Retype each line below precisely and omit all images.

Dataset excerpt -
------------------------------------------------------------
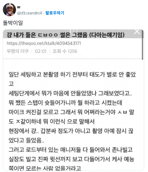 この投稿は、ステージの準備から撮影まで、彼の態度が悪かったと言っている。マイクがオンになっていることに気づかず、マイクに向かって悪態をついていた。撮影中の雰囲気を台無しにした。
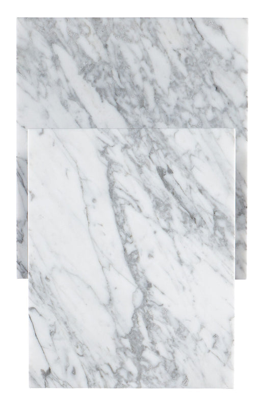 With a convenient C-shape to enhance versatility, the two-tiered Georgia side Table combines Pewter Metal on the base with a Carrara Marble white a...
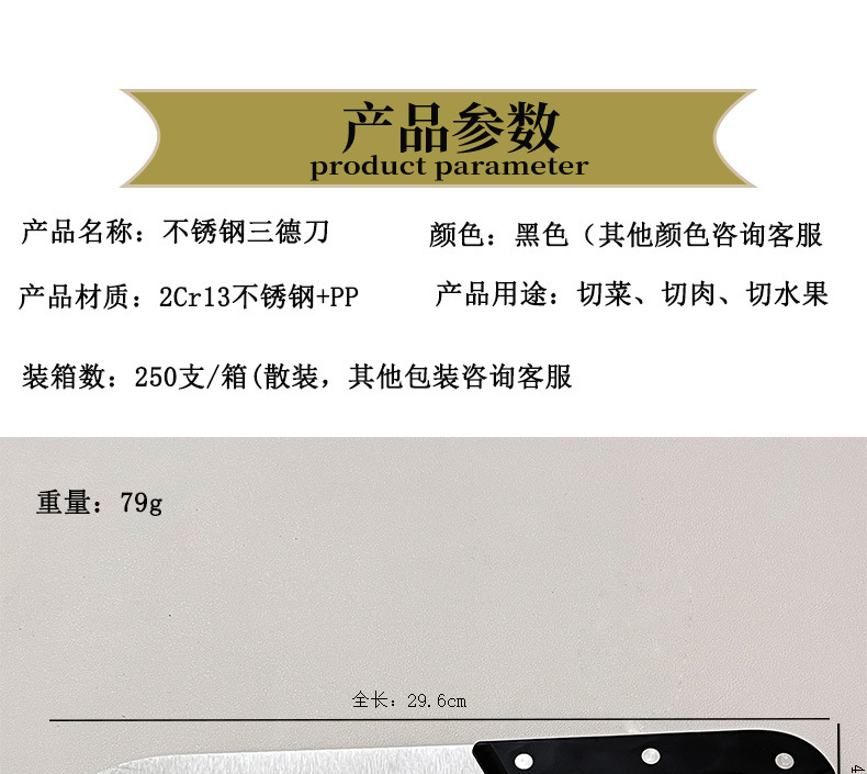 Нож для нарезки овощей японского шеф-повара из нержавеющей стали, черная пластиковая ручка, экспорт из фабрики Янцзян Юаньхуа
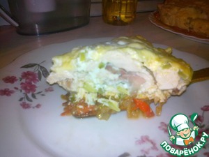Рецепт «Курица с грудинкой на овощной подушке»:
------------------------------------------------------------
Answer box -
 この投稿は、ステージの準備から撮影まで、彼の態度が悪かったと言っている。マイクがオンになっていることに気づかず、マイクに向かって悪態をついていた。撮影中の雰囲気を台無しにした。
 With a convenient C-shape to enhance versatility, the two-tiered Georgia side Table combines Pewter Metal on the base with a Carrara Marble white a...
 Нож для нарезки овощей японского шеф-повара из нержавеющей стали, черная пластиковая ручка, экспорт из фабрики Янцзян Юаньхуа
Рецепт «Курица с грудинкой на овощной подушке»:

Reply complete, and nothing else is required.